Specifically, the reference solutions of silver ions (Ag ⁺ ), mercury ions (Hg ^{2 +} ) and silver nanoparticles identical to those used in Experimental Example 1 and reference solutions of the dipeptide derivatives of Examples 1 and 3 were respectively prepared . 10 mM HEPES buffer solution (pH 7.4) was added to each of the two test tubes and the dipeptide derivative (30 μM) of Example 1 and Example 3 was added, respectively. Thereafter, in each of Examples 1 and 3 (Ag ⁺ ) and mercury ions (Hg (Hg)) were added so as to be 0 equivalent, 0.1 equivalent, 0.2 equivalents, 0.3 equivalents, 0.4 equivalents, 0.5 equivalents, 0.6 equivalents, 0.7 equivalents, 0.8 equivalents, 0.9 equivalents and 1.0 equivalents to the dipeptide derivative ²⁺ ), copper ions (I) (Cu ⁺ ), and silver nanoparticles, respectively.

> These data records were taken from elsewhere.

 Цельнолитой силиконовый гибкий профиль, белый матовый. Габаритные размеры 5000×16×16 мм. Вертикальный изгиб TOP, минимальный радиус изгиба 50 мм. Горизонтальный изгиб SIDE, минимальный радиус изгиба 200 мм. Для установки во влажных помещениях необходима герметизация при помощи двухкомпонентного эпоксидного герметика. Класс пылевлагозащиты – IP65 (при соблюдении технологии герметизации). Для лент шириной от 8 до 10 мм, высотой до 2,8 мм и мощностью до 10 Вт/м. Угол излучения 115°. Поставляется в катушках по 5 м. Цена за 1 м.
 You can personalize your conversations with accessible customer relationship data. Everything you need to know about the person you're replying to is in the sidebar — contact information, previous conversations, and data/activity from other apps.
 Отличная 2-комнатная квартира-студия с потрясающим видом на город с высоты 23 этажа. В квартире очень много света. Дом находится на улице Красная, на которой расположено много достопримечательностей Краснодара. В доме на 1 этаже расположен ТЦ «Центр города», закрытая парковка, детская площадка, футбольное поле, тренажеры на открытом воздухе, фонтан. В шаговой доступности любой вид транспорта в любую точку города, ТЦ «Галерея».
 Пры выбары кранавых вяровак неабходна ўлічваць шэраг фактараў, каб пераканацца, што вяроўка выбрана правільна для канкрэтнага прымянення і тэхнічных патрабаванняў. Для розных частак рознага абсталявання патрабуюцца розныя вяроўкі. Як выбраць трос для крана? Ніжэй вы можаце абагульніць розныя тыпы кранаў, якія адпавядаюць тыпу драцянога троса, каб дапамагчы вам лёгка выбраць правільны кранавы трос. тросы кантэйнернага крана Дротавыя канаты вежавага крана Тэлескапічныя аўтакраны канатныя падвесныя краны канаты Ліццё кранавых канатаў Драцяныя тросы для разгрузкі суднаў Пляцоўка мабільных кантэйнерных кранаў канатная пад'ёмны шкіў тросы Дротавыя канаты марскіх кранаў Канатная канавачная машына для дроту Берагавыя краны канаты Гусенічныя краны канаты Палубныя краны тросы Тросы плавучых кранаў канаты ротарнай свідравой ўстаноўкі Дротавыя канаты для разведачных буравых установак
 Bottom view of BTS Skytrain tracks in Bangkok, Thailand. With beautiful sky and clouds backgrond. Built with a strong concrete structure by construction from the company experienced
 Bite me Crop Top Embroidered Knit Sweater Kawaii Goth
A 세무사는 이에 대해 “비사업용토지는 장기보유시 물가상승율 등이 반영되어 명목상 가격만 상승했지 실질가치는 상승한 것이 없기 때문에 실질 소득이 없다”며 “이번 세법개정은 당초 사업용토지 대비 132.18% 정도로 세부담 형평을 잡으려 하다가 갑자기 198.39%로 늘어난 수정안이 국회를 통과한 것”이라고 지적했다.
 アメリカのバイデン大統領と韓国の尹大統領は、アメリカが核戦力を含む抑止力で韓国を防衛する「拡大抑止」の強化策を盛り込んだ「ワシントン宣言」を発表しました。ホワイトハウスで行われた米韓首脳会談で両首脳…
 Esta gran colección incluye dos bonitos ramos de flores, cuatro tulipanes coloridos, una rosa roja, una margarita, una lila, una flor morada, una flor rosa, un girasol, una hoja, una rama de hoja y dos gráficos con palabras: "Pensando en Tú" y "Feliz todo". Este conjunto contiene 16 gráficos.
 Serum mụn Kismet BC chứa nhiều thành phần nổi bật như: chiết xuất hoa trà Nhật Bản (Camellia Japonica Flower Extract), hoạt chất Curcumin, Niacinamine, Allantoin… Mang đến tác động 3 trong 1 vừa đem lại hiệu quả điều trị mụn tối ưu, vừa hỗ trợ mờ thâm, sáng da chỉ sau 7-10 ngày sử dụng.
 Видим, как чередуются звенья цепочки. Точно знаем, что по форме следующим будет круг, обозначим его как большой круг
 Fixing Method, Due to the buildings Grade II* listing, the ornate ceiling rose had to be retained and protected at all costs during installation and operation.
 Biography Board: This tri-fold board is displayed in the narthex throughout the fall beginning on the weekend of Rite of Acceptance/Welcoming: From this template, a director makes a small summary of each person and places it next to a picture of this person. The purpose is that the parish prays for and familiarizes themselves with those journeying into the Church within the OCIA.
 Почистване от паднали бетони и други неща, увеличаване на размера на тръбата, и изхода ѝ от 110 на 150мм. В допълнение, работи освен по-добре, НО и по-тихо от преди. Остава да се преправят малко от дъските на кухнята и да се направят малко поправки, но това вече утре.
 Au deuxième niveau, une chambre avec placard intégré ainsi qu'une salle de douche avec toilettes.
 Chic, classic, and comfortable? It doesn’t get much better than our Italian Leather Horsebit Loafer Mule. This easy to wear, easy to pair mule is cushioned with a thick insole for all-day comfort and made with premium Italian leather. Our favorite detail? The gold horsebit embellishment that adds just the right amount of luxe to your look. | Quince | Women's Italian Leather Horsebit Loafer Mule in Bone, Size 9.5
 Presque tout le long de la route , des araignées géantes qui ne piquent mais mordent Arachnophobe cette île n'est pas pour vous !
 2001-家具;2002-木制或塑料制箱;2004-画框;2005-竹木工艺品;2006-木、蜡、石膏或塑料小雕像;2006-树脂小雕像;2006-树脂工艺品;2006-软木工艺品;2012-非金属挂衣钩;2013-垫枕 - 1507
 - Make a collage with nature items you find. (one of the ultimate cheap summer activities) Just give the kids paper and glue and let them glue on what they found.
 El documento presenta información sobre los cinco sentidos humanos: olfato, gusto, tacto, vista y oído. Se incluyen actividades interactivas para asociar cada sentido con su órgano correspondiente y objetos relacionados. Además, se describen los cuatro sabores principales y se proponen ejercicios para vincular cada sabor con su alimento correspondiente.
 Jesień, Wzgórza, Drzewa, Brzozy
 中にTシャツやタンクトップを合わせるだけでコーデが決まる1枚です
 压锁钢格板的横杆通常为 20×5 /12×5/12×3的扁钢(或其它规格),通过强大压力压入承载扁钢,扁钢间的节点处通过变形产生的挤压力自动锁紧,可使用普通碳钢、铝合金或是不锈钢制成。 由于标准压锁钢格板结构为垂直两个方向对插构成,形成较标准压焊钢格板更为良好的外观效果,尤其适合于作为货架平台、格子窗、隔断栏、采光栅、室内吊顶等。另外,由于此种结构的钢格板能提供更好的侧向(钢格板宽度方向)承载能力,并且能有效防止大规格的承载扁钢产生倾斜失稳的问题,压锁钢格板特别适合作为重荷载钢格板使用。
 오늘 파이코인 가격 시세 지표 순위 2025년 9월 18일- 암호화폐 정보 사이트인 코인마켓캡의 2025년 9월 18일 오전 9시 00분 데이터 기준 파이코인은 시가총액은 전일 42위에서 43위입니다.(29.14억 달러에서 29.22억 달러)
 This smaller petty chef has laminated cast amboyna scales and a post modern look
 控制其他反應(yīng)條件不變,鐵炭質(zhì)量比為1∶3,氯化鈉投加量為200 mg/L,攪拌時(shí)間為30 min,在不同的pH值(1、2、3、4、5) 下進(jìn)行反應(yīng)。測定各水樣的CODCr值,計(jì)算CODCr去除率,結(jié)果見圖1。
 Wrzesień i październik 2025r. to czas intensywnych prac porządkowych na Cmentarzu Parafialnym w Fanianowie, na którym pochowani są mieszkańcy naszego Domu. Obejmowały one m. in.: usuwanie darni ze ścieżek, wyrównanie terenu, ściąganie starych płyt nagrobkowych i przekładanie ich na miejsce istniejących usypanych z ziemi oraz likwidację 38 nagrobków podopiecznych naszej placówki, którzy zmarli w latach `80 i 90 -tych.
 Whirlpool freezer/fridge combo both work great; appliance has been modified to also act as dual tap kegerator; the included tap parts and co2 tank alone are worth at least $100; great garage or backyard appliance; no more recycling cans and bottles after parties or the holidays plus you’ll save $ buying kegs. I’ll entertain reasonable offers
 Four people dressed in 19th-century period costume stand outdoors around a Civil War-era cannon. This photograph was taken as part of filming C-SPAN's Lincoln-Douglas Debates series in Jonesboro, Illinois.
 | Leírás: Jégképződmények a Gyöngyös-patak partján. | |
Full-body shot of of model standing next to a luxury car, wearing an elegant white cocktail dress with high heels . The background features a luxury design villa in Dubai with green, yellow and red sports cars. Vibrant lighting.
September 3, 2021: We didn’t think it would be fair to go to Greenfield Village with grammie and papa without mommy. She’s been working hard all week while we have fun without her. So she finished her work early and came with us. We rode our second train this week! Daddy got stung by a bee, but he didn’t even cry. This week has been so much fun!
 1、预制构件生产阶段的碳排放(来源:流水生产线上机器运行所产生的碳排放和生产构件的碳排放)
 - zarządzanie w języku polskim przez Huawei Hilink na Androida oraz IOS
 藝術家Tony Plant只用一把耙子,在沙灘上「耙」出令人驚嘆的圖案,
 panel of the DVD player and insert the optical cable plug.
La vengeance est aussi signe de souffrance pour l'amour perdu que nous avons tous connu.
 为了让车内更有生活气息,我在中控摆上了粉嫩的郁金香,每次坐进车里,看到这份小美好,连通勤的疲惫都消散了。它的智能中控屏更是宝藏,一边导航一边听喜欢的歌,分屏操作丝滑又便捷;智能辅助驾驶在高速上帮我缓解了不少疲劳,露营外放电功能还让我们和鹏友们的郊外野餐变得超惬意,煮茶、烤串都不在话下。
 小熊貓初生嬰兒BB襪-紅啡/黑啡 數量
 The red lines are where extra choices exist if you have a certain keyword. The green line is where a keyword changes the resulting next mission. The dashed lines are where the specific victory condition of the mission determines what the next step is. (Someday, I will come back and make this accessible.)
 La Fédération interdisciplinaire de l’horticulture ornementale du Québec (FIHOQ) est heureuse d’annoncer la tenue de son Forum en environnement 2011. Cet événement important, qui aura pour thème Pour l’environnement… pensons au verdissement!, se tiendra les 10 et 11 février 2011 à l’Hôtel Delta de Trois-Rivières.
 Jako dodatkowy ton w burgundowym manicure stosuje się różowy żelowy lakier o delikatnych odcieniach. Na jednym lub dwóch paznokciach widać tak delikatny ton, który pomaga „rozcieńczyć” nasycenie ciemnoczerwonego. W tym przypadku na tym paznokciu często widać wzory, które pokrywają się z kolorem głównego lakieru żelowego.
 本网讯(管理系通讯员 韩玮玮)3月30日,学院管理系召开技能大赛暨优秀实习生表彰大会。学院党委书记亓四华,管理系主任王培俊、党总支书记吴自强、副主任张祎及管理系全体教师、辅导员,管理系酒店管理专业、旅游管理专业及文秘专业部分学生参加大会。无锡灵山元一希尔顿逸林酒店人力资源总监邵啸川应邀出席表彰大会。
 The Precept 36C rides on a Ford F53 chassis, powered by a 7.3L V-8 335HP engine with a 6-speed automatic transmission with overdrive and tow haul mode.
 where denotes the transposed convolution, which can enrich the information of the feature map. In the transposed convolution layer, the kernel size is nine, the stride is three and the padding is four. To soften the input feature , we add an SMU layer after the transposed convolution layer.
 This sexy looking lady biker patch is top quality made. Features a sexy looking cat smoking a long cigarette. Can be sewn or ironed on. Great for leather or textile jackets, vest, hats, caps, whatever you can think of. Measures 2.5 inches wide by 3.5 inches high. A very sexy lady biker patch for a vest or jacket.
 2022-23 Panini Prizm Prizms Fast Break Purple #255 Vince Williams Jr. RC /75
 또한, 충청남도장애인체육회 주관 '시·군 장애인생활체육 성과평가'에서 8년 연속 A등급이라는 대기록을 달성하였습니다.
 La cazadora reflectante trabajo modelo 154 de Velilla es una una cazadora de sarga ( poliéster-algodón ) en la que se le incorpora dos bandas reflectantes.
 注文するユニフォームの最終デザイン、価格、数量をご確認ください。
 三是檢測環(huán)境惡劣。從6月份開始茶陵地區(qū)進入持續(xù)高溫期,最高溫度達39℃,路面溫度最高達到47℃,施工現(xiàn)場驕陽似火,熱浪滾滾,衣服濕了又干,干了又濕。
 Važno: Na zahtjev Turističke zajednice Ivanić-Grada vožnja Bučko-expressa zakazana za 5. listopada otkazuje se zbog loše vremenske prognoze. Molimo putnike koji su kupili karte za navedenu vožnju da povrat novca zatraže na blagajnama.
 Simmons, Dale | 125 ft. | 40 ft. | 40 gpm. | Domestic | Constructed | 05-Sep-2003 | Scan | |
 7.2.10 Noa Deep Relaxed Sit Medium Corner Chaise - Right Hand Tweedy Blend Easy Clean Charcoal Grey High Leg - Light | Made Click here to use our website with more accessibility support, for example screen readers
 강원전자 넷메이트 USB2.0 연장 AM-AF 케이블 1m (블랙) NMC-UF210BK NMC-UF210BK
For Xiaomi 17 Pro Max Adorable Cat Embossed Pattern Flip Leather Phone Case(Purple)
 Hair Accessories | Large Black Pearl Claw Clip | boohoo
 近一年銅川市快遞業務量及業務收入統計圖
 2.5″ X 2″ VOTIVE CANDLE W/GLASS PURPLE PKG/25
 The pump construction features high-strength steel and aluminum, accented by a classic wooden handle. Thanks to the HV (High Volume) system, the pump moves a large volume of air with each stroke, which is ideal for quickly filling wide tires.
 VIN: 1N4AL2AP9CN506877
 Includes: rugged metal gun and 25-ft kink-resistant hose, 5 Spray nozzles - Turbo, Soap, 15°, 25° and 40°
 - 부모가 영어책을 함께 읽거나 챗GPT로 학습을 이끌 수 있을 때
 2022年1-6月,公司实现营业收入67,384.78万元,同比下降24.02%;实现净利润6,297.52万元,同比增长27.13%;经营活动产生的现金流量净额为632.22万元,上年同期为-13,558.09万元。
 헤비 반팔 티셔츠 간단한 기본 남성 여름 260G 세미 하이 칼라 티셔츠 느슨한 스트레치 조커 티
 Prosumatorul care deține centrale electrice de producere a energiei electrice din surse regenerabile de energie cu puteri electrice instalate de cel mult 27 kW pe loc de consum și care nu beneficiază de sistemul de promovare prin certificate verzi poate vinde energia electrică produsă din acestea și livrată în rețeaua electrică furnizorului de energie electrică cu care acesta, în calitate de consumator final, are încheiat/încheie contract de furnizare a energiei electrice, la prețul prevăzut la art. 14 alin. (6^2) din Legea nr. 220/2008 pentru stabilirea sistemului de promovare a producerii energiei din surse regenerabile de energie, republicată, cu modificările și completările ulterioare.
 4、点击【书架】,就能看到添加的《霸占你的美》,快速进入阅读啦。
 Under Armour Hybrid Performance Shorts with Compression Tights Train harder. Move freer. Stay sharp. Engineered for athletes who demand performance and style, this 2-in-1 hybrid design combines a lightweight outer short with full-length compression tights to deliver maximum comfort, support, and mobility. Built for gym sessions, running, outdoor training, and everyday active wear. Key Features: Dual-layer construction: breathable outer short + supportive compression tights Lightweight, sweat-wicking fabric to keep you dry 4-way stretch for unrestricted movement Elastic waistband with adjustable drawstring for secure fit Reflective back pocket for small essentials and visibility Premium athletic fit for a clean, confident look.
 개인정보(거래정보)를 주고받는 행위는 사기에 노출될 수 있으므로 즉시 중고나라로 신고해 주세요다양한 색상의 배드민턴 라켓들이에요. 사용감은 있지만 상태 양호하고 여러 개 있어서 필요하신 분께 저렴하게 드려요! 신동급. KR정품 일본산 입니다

On the other hand, in the case of silver nanoparticles, the silver nanoparticles by the addition of the oxidizing agent hydrogen peroxide in the test solution, and is created so that the equilibrium ion (Ag ^+), thus generating silver ions (Ag ⁺⁾ as in dipeptide of Example 1 Silver nanoparticles were detected by reaction with derivatives. The fluorescence spectra of the prepared test solutions were measured by specifying emission wavelengths from 360 nm to 600 nm. The results are shown in FIG. 3 and FIG.

FIG. 3 (a) is a fluorescence spectrum showing fluorescence intensity change according to the dipeptide derivative and silver ion (Ag ⁺ ) concentration according to Example 1 of the present invention; FIG. 3 (b) is a fluorescence spectrum showing fluorescence intensity change according to the dipeptide derivative and mercury ion (Hg ^{2 +} ) concentration according to Example 1 of the present invention; FIG. 3 (c) is a fluorescence spectrum showing fluorescence intensity change according to the concentration of dipeptide derivative and copper ion (I) (Cu ⁺ ) according to Example 1 of the present invention; FIG. 3 (d) is a fluorescence spectrum showing fluorescence intensity change according to the concentration of dipeptide derivative and silver nanoparticle according to Example 1 of the present invention.

FIG. 4 (a) is a fluorescence spectrum showing fluorescence intensity change according to the dipeptide derivative and silver ion (Ag ⁺ ) concentration according to Example 3 of the present invention; FIG. 4 (b) is a fluorescence spectrum showing fluorescence intensity change according to the dipeptide derivative and mercury ion (Hg ^{2 +} ) concentration according to Example 3 of the present invention; 4 (c) is a fluorescence spectrum showing fluorescence intensity change according to the concentration of dipeptide derivative and copper ion (I) (Cu ⁺ ) according to Example 3 of the present invention.

(Ag ⁺ ), mercury ions (Hg ^{2 +} ), and copper ions (I) (Cu ⁺ ) as shown in FIGS. 3 (a) to 3 (c) The fluorescence intensity of 380 nm decreased proportionally and the fluorescence intensity at 480 nm was increased proportionally by the reaction with the dipeptide derivative of Example 1 and Example 3 according to the increase of the concentration of the peptide. This is an ion (Ag ^+), mercury ions (Hg ^{2 +)} and copper ions (I) (Cu ⁺⁾ the dipeptide derivative ray shutter metric (ratiometric) fluorescence intensity variation of the first embodiment in accordance with the increasing concentration increased concentration of .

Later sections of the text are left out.